MLA for Pelly
- In office 1964–1967
- Preceded by: Jim Barrie
- Succeeded by: Jim Barrie

MLA for Pelly
- In office 1971–1977
- Preceded by: Jim Barrie
- Succeeded by: Norm Lusney

Personal details
- Born: November 11, 1912 Stornoway, Saskatchewan
- Died: March 1977 (aged 64)
- Party: Co-operative Commonwealth Federation New Democrat

= Leonard Larson =

Canadian politician

Leonard Melvin Larson (November 11, 1912 - March 1977) was a farmer and political figure in Saskatchewan. He represented Pelly from 1964 to 1967 as a Co-operative Commonwealth Federation (CCF) member and from 1971 to 1977 as a New Democratic Party (NDP) member in the Legislative Assembly of Saskatchewan.

He was born on a farm near Stornoway, Saskatchewan. Larson helped found the Kamsack Credit Union and the Kamsack Community Clinic.

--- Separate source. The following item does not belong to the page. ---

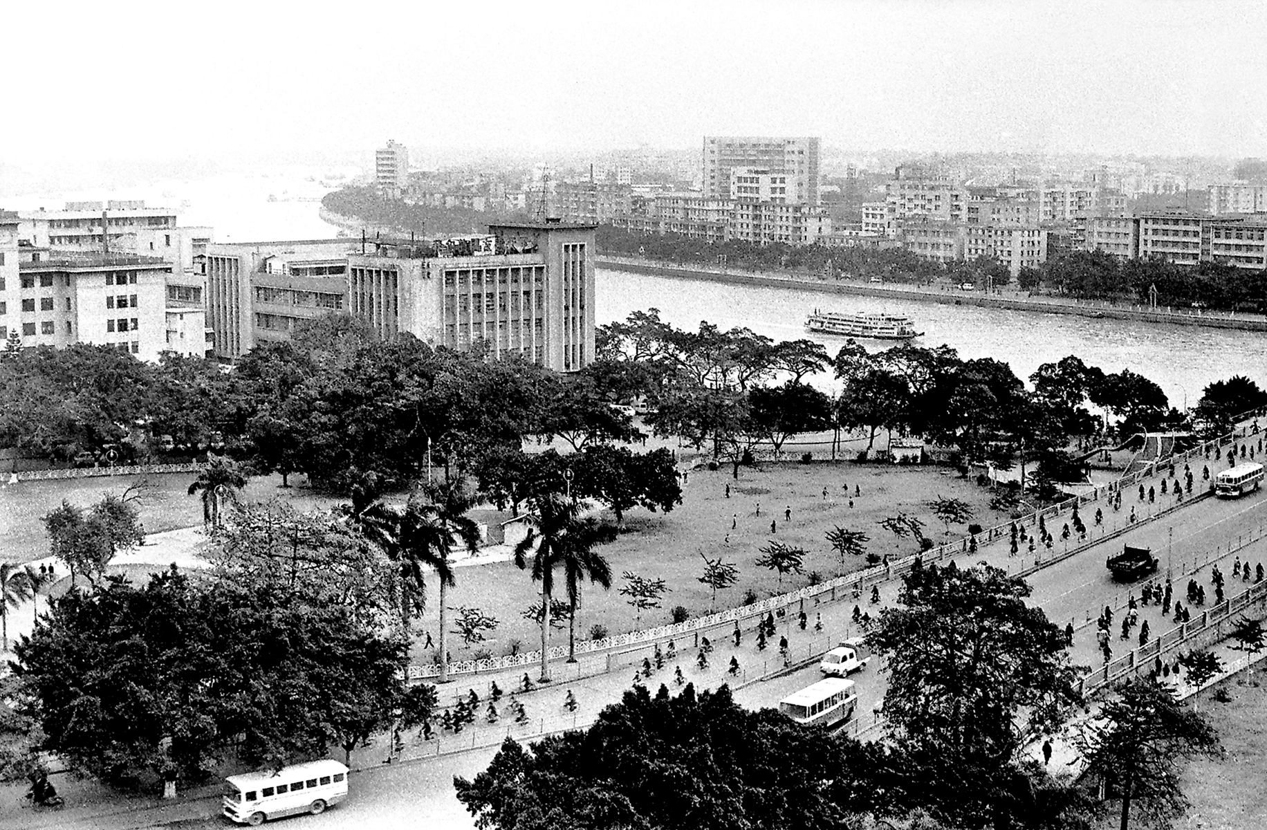 1983年摄 海珠广场东广场 左上部的建筑物是当年广交会的丝绸绾

He also served as chairman of the local school board, as an officer of the Saskatchewan Wheat Pool and as a member of the Saskatchewan Farmers' Union. Larson ran unsuccessfully for the Yorkton seat in the Canadian House of Commons in the federal elections of 1962 and 1963. He was defeated by Jim Barrie when he ran for reelection to the Saskatchewan assembly in 1967. He died in office at the age of 64.